Jailbreaking cannot brick your phone. It’s like saying “I tried installing a new OS and now my computer does not power on anymore”. If your computer does not power on, it has nothing to do with the OS. It’s a hardware issue. The fact that you were able to “took us quite a while to fix one of them” by definition means that the phone was not ever bricked. Of course, recovering from a bad state requires you to put the phone in DFU mode and then restore it, and some users may not know how to do this, but there are enough of tutorials out there to get this done. A bricked phone cannot be fixed, not even by Apple.
The only risk of bricking an iPhone while hacking it is, if, while in the middle of performing an unlock (this is different from a jailbreak), you pull out the chord or lose power on the phone.
All the info about changing the password is right on the front page of Cydia (the most popular application for installing and managing jailbreak apps). That doesn’t mean people read it, but it couldn’t be more in their face.
This is misleading. iPhone updates aren’t the same as computer updates. iPhone updates are entire operating systems that overwrite the system you currently have on the phone. The only reason people didn’t apply the update is because there wasn’t a jailbreak available for the new updated system, so they chose to wait until there was one. They could have updated at any time if they felt the SMS vulnerability (which affected all phones, jailbroken or not) was a real threat.
One thing that, surprisingly, hasn’t came up yet, is speed and performance. This can range from “con” to “no difference” to “pro.”
The older models of Touch/iPhone aren’t super fast and don’t have a lot of RAM. This is rarely a problem for non-jailbroken devices because they don’t give you the freedom to do much with it anyway, but jailbreaking gives you the freedom to really squeeze the guts out of the device and a lot of people complain that it causes their system to lag.
Jailbreaking alone isn’t the cause. The causes are having things running in the background and too much theming. (Do you really need the calculator, calendar and notepad apps to look cool?)
On the other hand, jailbreaking gives you freedom. If you enjoy tinkering, you can replace the factory theme files with your own to avoid lag from themes, you can disable things that you don’t need but which Apple has running by default and you can streamline the filesystem.

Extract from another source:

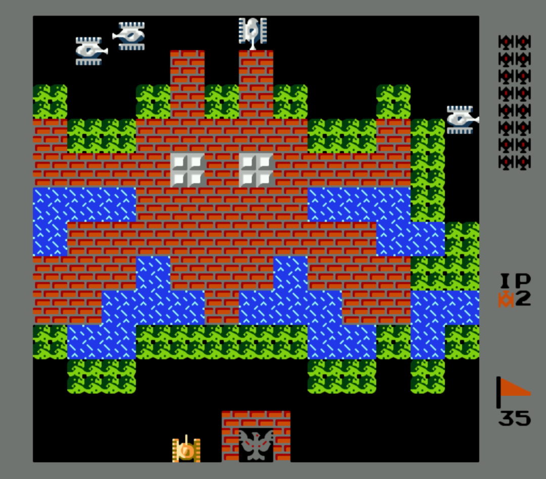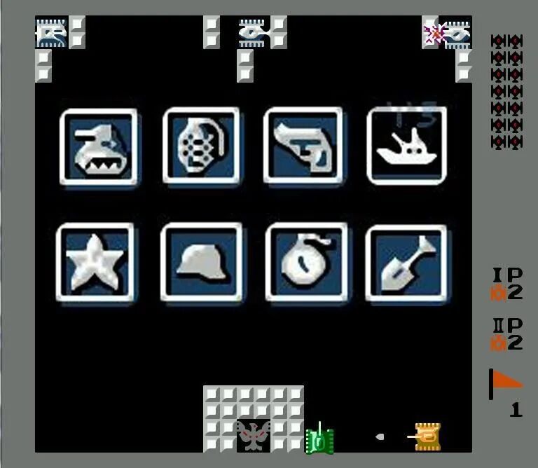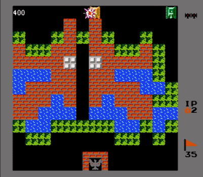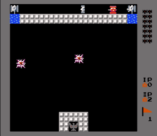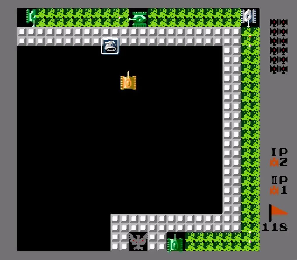 其实,玩家们用得最多的场景就是将2P玩家给困住(如下图),只要敌人打不到这方基地就万无一失了。而2P只能默默注视着1P将敌方消灭干净了,将所有的道具收入囊中,而自己什么办法都没有。

So, on the “pro” side… while some people install extravagant themes and complain that “jailbreaking made my device sluggish,” I would put mine, which does have a cool theme, against a factory iPhone any day and expect mine to be faster because I do like to tinker and have done as much as possible to make it faster.
But, if you really want click a button and instantly have a crazy cool theme for Springboard plus every app plus a theme for the Lockscreen that displays email, rss feeds, weather, calendar, music controls, and allows you to have SMS conversations all without unlocking the device… you could be disappointed.